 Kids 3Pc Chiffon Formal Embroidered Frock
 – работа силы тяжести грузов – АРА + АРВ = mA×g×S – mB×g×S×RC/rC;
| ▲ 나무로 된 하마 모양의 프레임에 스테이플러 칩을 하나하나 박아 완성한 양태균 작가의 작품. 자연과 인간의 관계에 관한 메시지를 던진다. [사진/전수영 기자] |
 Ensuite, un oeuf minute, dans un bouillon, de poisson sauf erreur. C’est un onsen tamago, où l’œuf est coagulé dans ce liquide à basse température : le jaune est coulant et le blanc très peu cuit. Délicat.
************
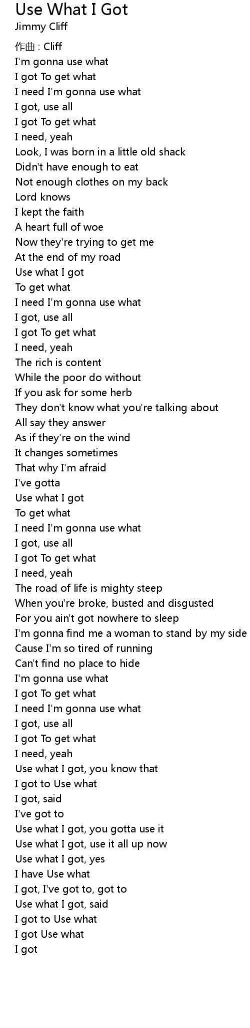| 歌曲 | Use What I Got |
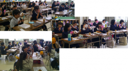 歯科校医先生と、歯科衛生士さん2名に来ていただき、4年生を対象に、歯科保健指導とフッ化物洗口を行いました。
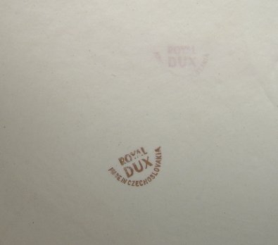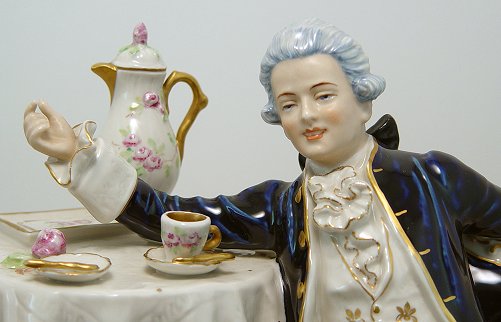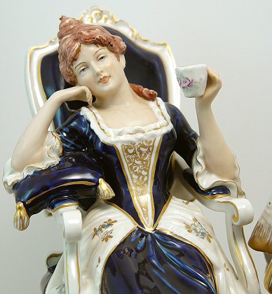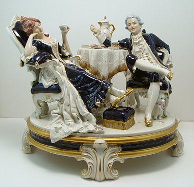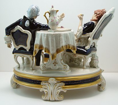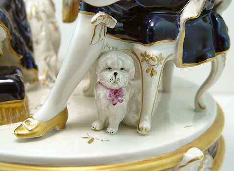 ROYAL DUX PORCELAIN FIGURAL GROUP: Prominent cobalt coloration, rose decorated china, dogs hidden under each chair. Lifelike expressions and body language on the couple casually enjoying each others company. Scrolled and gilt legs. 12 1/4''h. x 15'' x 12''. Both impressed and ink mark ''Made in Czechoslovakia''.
************
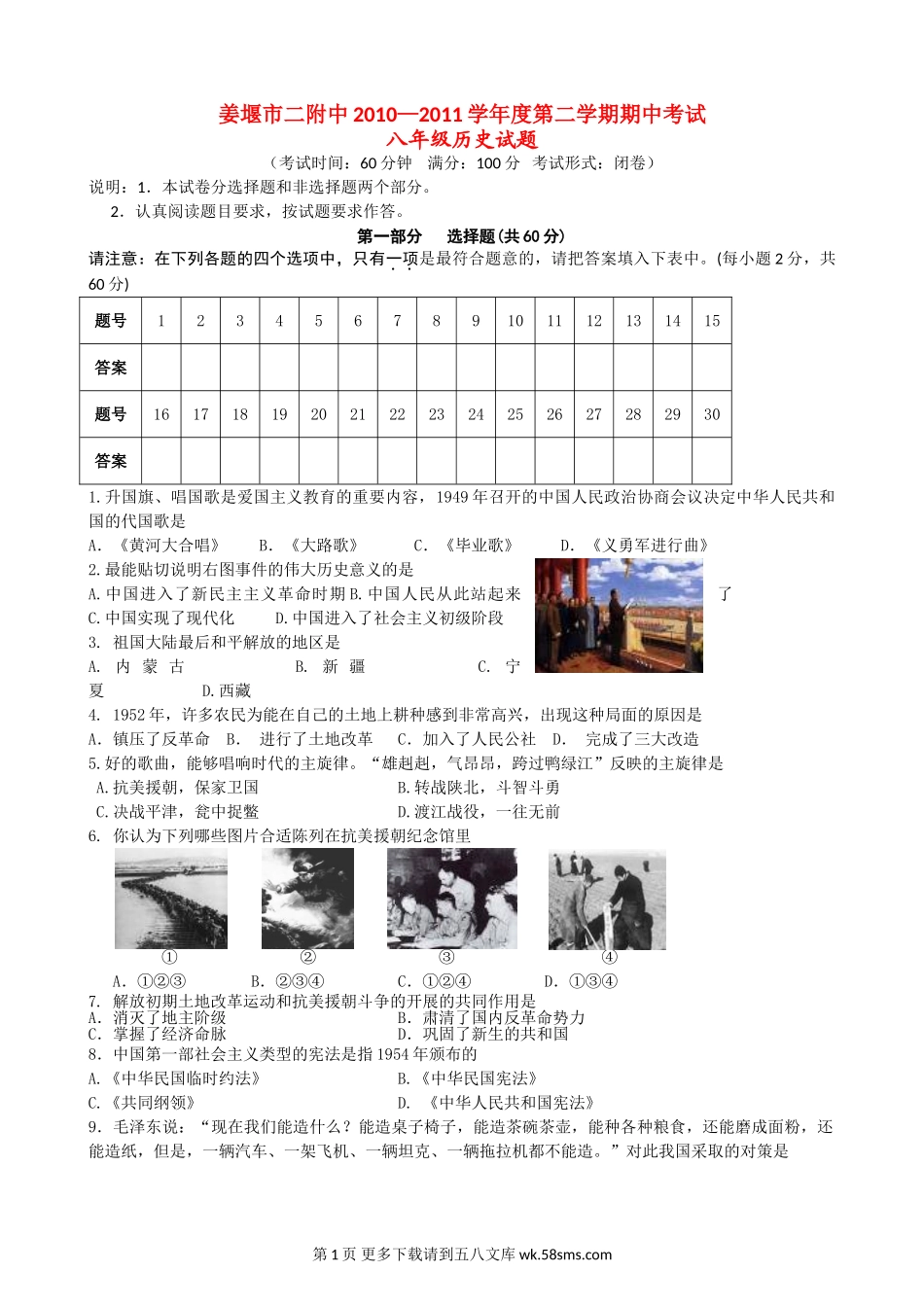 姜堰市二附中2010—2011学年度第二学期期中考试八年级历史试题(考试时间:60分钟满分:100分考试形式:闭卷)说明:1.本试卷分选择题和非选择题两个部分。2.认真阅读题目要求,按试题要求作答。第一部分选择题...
************
Return only the stretch above from the line containing "歯科校医先生と、歯科衛生士さ" through the line containing "ROYAL DUX PORCELAIN", word for word and without pictures.

 歯科校医先生と、歯科衛生士さん2名に来ていただき、4年生を対象に、歯科保健指導とフッ化物洗口を行いました。
 ROYAL DUX PORCELAIN FIGURAL GROUP: Prominent cobalt coloration, rose decorated china, dogs hidden under each chair. Lifelike expressions and body language on the couple casually enjoying each others company. Scrolled and gilt legs. 12 1/4''h. x 15'' x 12''. Both impressed and ink mark ''Made in Czechoslovakia''.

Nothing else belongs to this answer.